#### Work request:
Using the records below, output the stretch that opens with the line containing "吹田市のお客様よりトヨタ アクア リアバンパー 修理 をご依頼いただきました。" and closes with the line containing "上个季度职位薪酬区间占比仍主", exactly and including both lines, with nothing more.

#### Material for this exercise:
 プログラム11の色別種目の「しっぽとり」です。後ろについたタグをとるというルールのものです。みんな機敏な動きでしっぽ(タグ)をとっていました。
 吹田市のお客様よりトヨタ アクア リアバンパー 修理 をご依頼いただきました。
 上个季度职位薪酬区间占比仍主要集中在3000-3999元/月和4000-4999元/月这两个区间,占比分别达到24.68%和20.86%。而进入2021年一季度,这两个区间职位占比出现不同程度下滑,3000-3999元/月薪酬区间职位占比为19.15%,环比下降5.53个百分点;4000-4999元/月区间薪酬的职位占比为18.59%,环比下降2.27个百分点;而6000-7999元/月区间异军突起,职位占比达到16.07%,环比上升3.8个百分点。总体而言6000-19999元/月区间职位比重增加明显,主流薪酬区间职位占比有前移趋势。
* * *
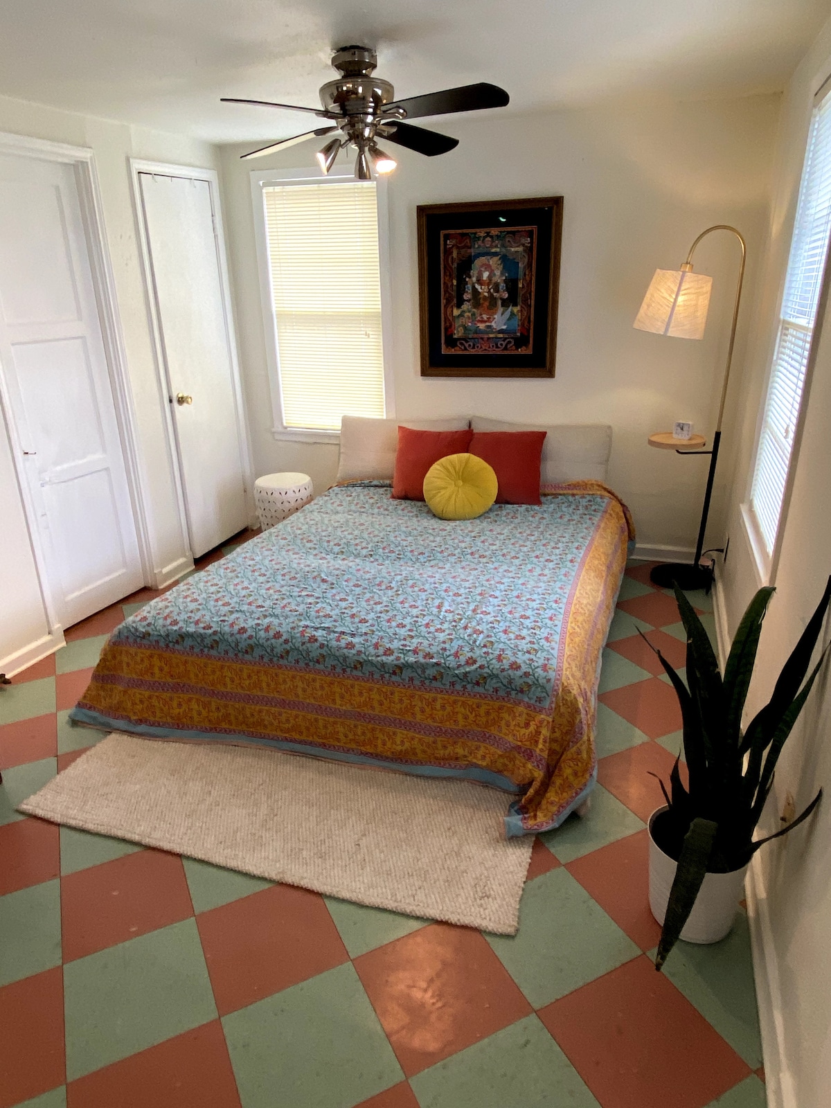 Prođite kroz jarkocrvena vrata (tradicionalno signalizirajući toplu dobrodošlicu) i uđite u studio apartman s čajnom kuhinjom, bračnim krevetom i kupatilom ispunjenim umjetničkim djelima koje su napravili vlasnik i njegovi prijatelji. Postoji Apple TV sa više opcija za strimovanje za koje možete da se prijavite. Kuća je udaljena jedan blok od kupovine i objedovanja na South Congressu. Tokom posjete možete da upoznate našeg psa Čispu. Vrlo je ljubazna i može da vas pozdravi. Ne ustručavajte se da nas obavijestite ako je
==
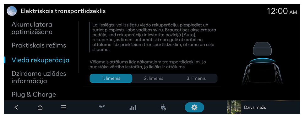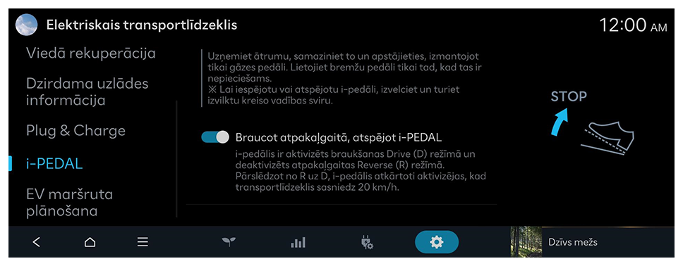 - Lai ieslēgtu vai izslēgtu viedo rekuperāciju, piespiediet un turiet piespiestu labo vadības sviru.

#### Written response:
 吹田市のお客様よりトヨタ アクア リアバンパー 修理 をご依頼いただきました。
 上个季度职位薪酬区间占比仍主要集中在3000-3999元/月和4000-4999元/月这两个区间,占比分别达到24.68%和20.86%。而进入2021年一季度,这两个区间职位占比出现不同程度下滑,3000-3999元/月薪酬区间职位占比为19.15%,环比下降5.53个百分点;4000-4999元/月区间薪酬的职位占比为18.59%,环比下降2.27个百分点;而6000-7999元/月区间异军突起,职位占比达到16.07%,环比上升3.8个百分点。总体而言6000-19999元/月区间职位比重增加明显,主流薪酬区间职位占比有前移趋势。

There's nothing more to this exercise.